Footballers For The Future (from right): Gordie (capt), Basil, Flaps, Cuffie, Ozzie, Spook, Smithy. Photo: MATT NEWTON (Rummin Productions)

Judith Neilson Institute for Journalism and Ideas

This article is supported by the Judith Neilson Institute for Journalism and Ideas.

The Tasmanian University Football Club were the reigning amateur state premiers when I arrived in early 1972. They had some very good players and they had people like me who had no great gift for the game but were enthusiastic about playing it. Last weekend, seven of us gathered in Tasmania’s Tarkine wilderness at a site where a mining company predominantly owned by Chinese interests proposes building a dam to serve as a last resting place for its industrial waste. Five of us were issued with notices by the police saying that if we returned to the area within fourteen days we would be arrested.
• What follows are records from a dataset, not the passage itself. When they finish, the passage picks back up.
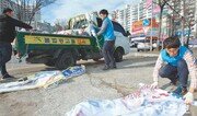 구청 불법 광고물 관리팀원들이 29일 광주 북구 양산동 일대에서 연말연시를 맞아 급증하고 있는 불법 현수막을 철거하고 있다. 박영철 기자 skyblue@donga.com}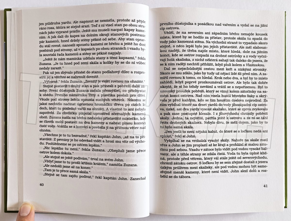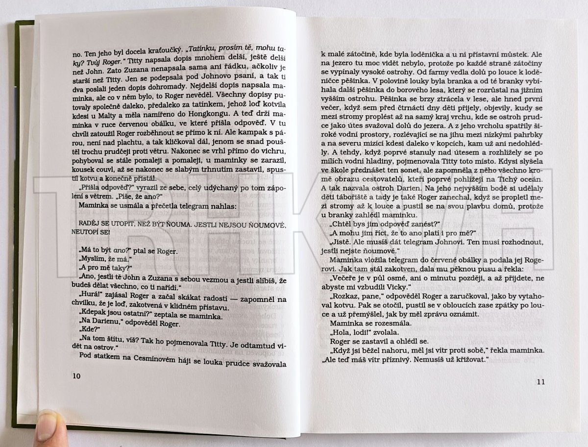 Úvodní a základní z 13 knih úžasných příběhů Vlaštovek a Amazonek a jejich dobrodružstvích na Ostrově Divokých koček i jinde. V této knize se můžete poprvé setkat s dětskými hrdiny, kteří budou vystupovat ve většině dalších příběhů. Jsou to sourozenci John, Zuzana, Titty a Roger Walkerovi (Vlaštovky) a sestry Nancy a Peggy Blackettovy (Amazonky).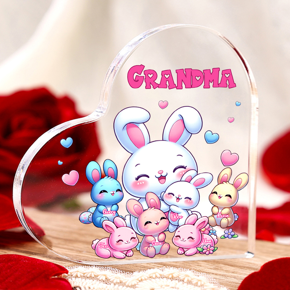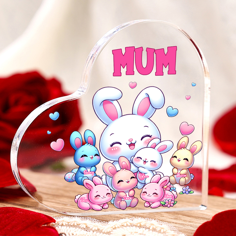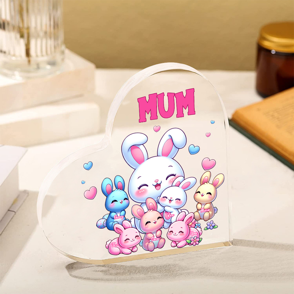 6 Names-Personalized Mum Rabbit Acrylic Heart Keepsake Custom Text Acrylic Plaque Ornaments Gifts Set With Gift Box for Nan/Mother for Easter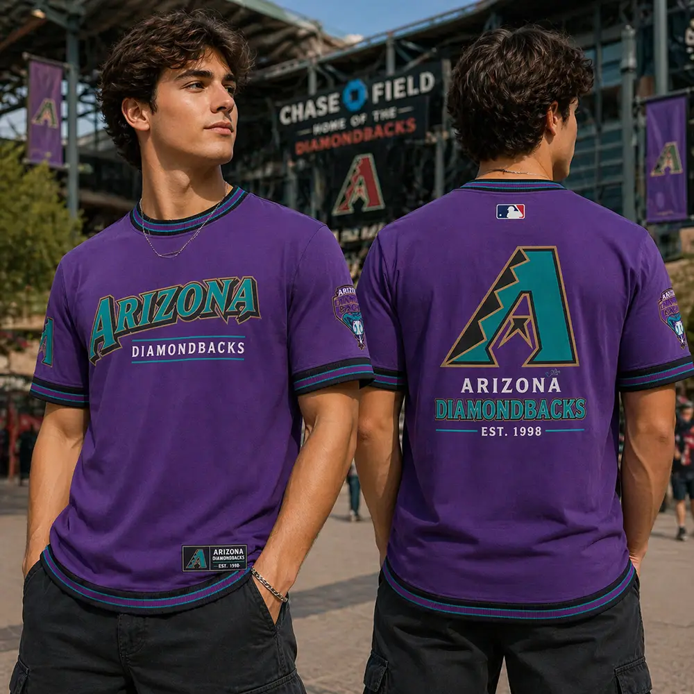 Nostalgia meets modern performance in this Arizona Diamondbacks Purple Retro Fan T-shirt, a piece designed for the ultimate “throwback” enthusiast. Whether you are at the ballpark or downtown, the iconic purple colorway ensures you stand out as a dedicated supporter of the desert’s team. It is an inspired way to back the D-backs, combining a legendary sports aesthetic with the everyday comfort of a premium graphic T-shirt.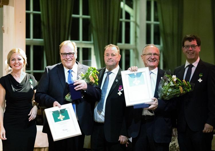 Caj-Erik Karp ja Pentti Risberg vastaanottavat Suurristit Yrittäjäjuhlassa Strampen ravintolassa 10.11.2018. Kuvassa Caj-Erikin ja Pentin lisäksi Rannikko-Pohjanmaan Yrittäjien puheenjohtajisto eli puheenjohtaja Mikael Fredman ja varapuheenjohtajat Katja Rajala ja Kaj Svels.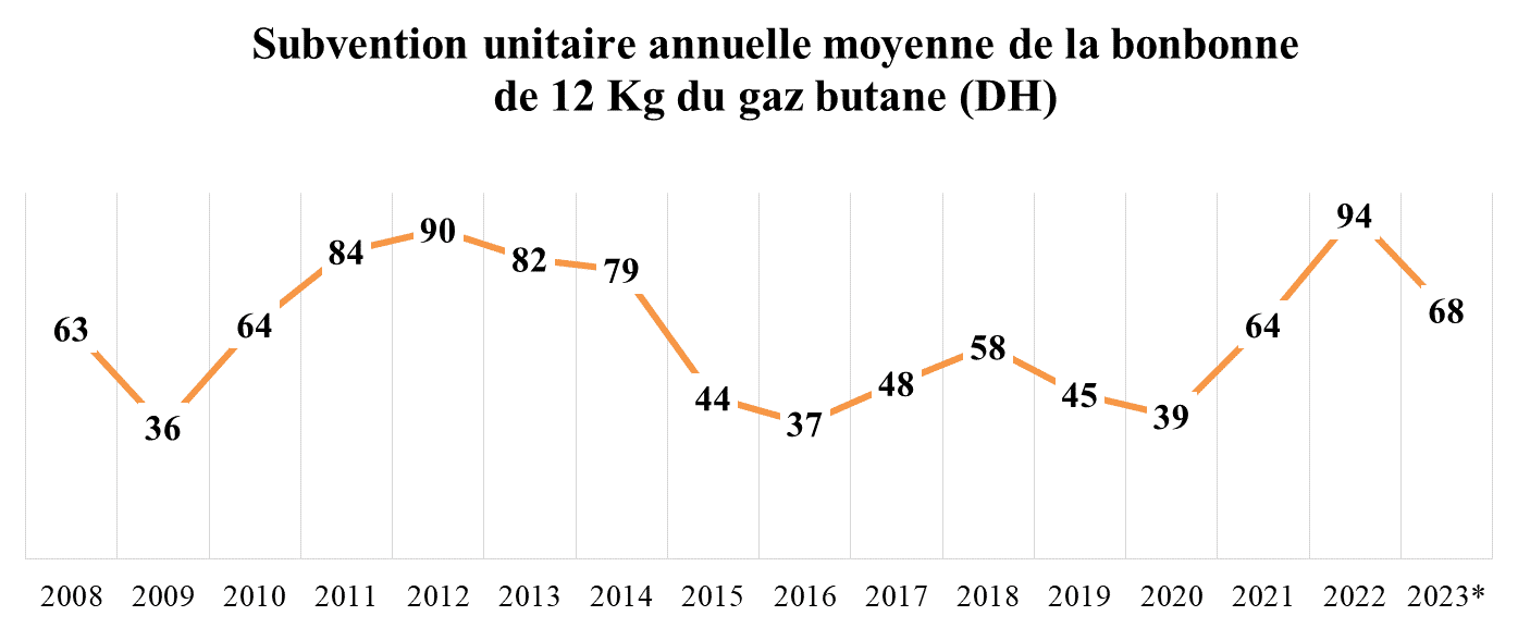 La charge de compensation unitaire moyenne par bonbonne de 12 kg s’est élevée à 68 DH pour les huit premiers mois de l’année 2023, totalisant près de 11,4 MMDH jusqu’au mois d'août, contre un total annuel de 21,8 MMDH en 2022.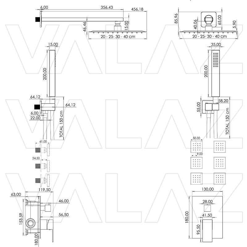 Incluye: Rociador disponible en tamaño 20×20, 25×25 y 30×30 con soporte a pared, monomando de 3 vías (rociador efecto lluvia ,alcachofa de mano y 6 jets) flexo de 150cm y alcachofa de mano con soporte.

It all started with Gordon Cuff. Two weeks ago, he and his wife Susy Aulich blocked the road to the dam site by chaining themselves to a gate. Arrested and charged, they are now out on bail. Gordon, also known as Gordie, was a much better player than I was, but we always got on. If we had gone to school together, we would have been made to sit apart. There’s an energy between us of the sort that leads young men to form rock bands. In 1979, Gordie was runner-up for the Hec Smith Medal, then one of the three major individual awards in Tasmanian footy. Carlton flew him over for a practice match but threw him back for being too small. He played in a Launceston Cricket Club team that included state players. As a schoolboy, he also showed promise as a diver.
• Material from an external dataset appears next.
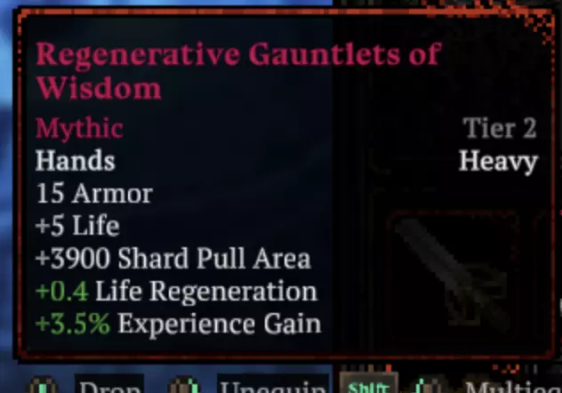 手套。 总体来说没什么特别的,15点护甲,最重要的是+0.4的生命回复,这也很有用。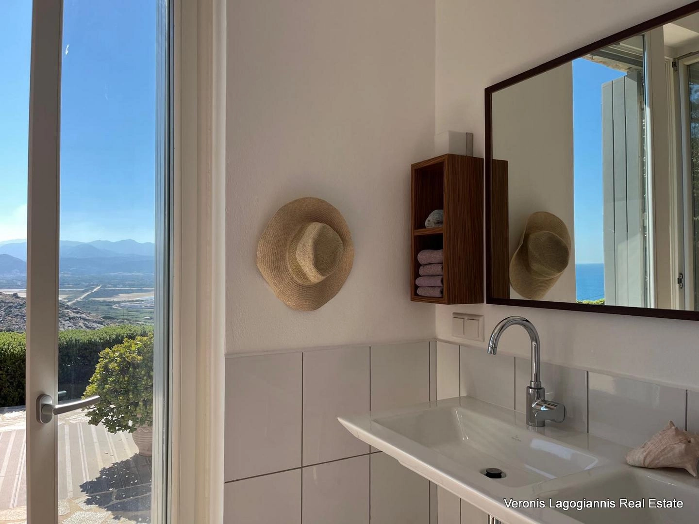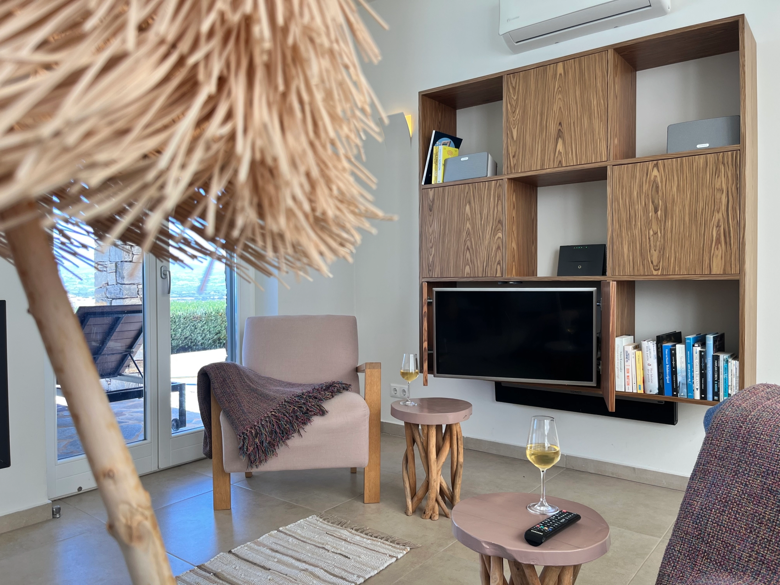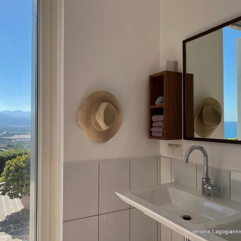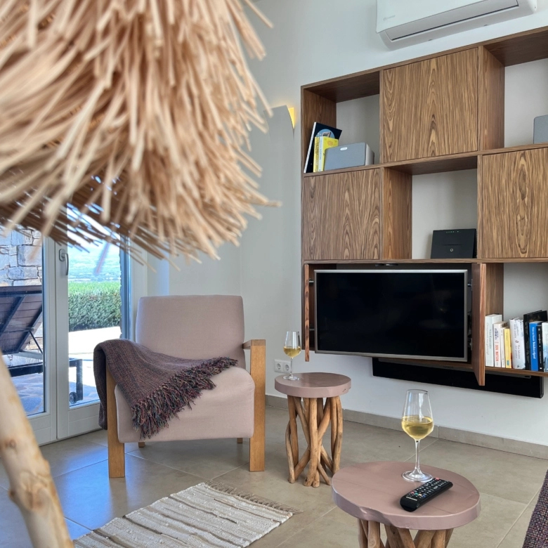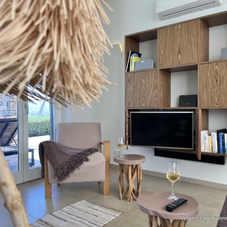 Ο εσωτερικός σχεδιασμός συνδυάζει φυσικά υλικά και αρχιτεκτονικό φως, δημιουργώντας μια ατμόσφαιρα άνεσης και κομψότητας. Ο περιβάλλον χώρος είναι διαμορφωμένος με λεβάντες και δεντρολίβανο, ενσωματωμένος αρμονικά στο τοπίο.

His grandfather Leonard A. Cuff captained New Zealand at cricket before World War 1 and represented the country internationally as an athlete. At Uni, I played with Gordon’s older brother, Len. Len Cuff went beyond brave. Let’s be frank – the game back then was violent. When a Melbourne academic once asked me how long it took me to see through Marxism, I replied: “One quarter playing Claremont at Claremont”. That’s when I perceived that however much we might identify with the working class, there was no guarantee that the working class would identify with us. We were students, this was the era of the Vietnam War. Students were protesting the war, we played working class clubs that had players related to young men fighting and dying in Vietnam. One of our very best players, Greg “Dero” Rundle, was Tasmania’s first conscientious objector. Each week they came for him.
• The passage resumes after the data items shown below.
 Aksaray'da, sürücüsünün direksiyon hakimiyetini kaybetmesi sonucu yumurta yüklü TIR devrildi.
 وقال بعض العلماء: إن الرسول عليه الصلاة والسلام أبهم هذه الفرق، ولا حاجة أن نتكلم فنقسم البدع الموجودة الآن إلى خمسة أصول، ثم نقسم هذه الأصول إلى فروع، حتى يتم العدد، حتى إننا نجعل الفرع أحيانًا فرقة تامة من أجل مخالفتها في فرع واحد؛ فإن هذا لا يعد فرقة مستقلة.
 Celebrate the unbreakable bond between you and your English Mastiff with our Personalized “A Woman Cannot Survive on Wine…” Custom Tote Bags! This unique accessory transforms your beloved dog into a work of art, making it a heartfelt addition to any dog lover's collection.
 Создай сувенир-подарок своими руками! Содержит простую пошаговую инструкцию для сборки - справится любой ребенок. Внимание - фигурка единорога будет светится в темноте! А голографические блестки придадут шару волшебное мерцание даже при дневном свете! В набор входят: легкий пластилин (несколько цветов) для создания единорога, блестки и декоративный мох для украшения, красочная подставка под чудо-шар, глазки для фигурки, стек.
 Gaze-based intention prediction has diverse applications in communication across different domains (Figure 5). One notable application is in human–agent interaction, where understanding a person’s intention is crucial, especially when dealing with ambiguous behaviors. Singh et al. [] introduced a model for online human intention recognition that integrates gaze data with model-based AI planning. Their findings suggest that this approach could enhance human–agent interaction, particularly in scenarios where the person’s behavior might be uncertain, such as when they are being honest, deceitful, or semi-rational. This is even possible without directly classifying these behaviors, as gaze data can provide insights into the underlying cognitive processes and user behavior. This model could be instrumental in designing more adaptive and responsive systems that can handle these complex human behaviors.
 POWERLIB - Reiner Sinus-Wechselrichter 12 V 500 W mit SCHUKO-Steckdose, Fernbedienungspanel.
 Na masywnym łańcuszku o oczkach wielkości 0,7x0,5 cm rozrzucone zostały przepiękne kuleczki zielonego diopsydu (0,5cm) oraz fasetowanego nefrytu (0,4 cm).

Yet this was also the theatre in which Len Cuff chose to perform. He played in state teams, but his fearless method of play meant he kept smashing parts of his body. In one of his damaged phases, he played with me in the lower grades. Essentially, Len was a clown who played the game at several different levels at once, starting dialogues and exchanges with opponents that the rest of us feared. Len had fun out there. One of the things I loved about the Uni footy club was the range of characters it contained. Now seven of us are back together, having seen little of one another for 40-odd years. Two of them, I am pretty sure, are or have been Liberals.

Gordie’s wife, Susy Aulich, is a small woman with a big personality and a quick wit, the sort that keeps you on your toes. Once Gordie and Susy were arrested, I knew I was going to have to do something but didn’t know what. Next thing I knew Gordie had organised six old Uni players, his brother Len among them, to go down the Tarkine with him. The big news was that Ozzie was coming.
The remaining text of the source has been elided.